[[ Records to use open ]]

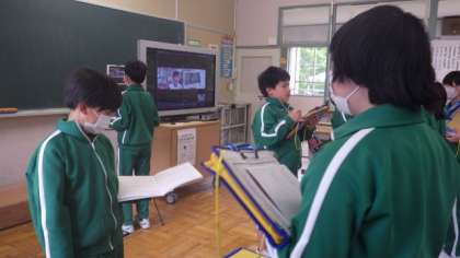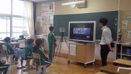 大蔵小学校の皆さんとのリモート授業です。どんな聞き方をしたら、相手が聞きたかったことを答えてくれるかを考え、考えたことを試しています。
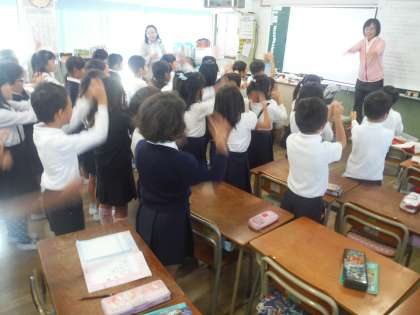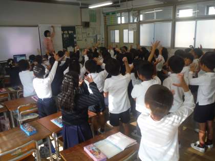 1・2組合同で、学習発表会の練習をしました。手話で歌を表現する取り組みです。手話だけでも難しいと思いますが、子どもたちはもうすでに手話も歌もできているようです。
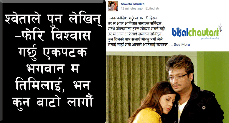 काठमाडौँ, २०७१, भाद्र १७ मंगलबार । स्वर्गीय लोकप्रिय अभिनेता श्री कृष्ण श्रेष्ठको निधनपछि विक्षिप्त बनेकी अभिनेत्री तथा अभिनेता श्रेष्ठको श्रीमती श्वेता खड्काले फेसबुकमार्फत् भगवानसँग गुनासो पोखेरहेकी छिन् । उनले दोस्रो चोटी भगवान्लाई गुनासो पोखेकी छिन् । श्रीमाण श्रीकृष्णको मृत्युसँगै मुछिर्त अबस्थामा रहेरहेकी अभिनेत्री श्वेताले दोस्रो पटकको आफ्ना भावनामा भगवान्संग एकचोटी फेरी विश्वास गर्दै लखेकी छिन्–‘फेरि विश्वास गर्छु एकपटक भगवान म तिमिलाई मलाई गार्हो भयो आफैले आफैंलाई समाल्न, लौ अब तिमि आफैं भन म कुन बाटो लागौं, मलाई गाह्रो भयो आफैले आफैंलाई समाल्न’ अभिनेत्री श्वेताले लेखेकी छिन् ।
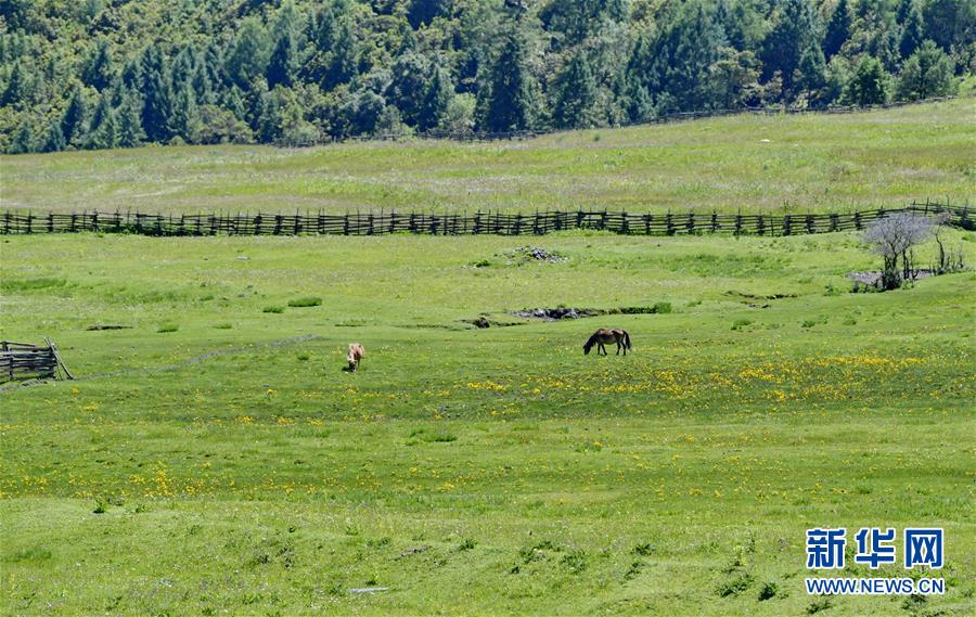 魯朗旅游小鎮(zhèn)的牧場(7月26日攝)。新華社記者 張汝鋒 攝
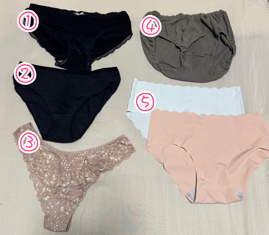 おぱんつ確認用です♡ ①、②、④綿フルバック ③綿Tバック ⑤シームレス

[[ Records to use closed ]]

Return the lines exactly as they stand, from the start of the entries through the line holding "काठमाडौँ, २०७१, भाद्र"; omit the pictures.

**Problem solution**
 大蔵小学校の皆さんとのリモート授業です。どんな聞き方をしたら、相手が聞きたかったことを答えてくれるかを考え、考えたことを試しています。
 1・2組合同で、学習発表会の練習をしました。手話で歌を表現する取り組みです。手話だけでも難しいと思いますが、子どもたちはもうすでに手話も歌もできているようです。
 काठमाडौँ, २०७१, भाद्र १७ मंगलबार । स्वर्गीय लोकप्रिय अभिनेता श्री कृष्ण श्रेष्ठको निधनपछि विक्षिप्त बनेकी अभिनेत्री तथा अभिनेता श्रेष्ठको श्रीमती श्वेता खड्काले फेसबुकमार्फत् भगवानसँग गुनासो पोखेरहेकी छिन् । उनले दोस्रो चोटी भगवान्लाई गुनासो पोखेकी छिन् । श्रीमाण श्रीकृष्णको मृत्युसँगै मुछिर्त अबस्थामा रहेरहेकी अभिनेत्री श्वेताले दोस्रो पटकको आफ्ना भावनामा भगवान्संग एकचोटी फेरी विश्वास गर्दै लखेकी छिन्–‘फेरि विश्वास गर्छु एकपटक भगवान म तिमिलाई मलाई गार्हो भयो आफैले आफैंलाई समाल्न, लौ अब तिमि आफैं भन म कुन बाटो लागौं, मलाई गाह्रो भयो आफैले आफैंलाई समाल्न’ अभिनेत्री श्वेताले लेखेकी छिन् ।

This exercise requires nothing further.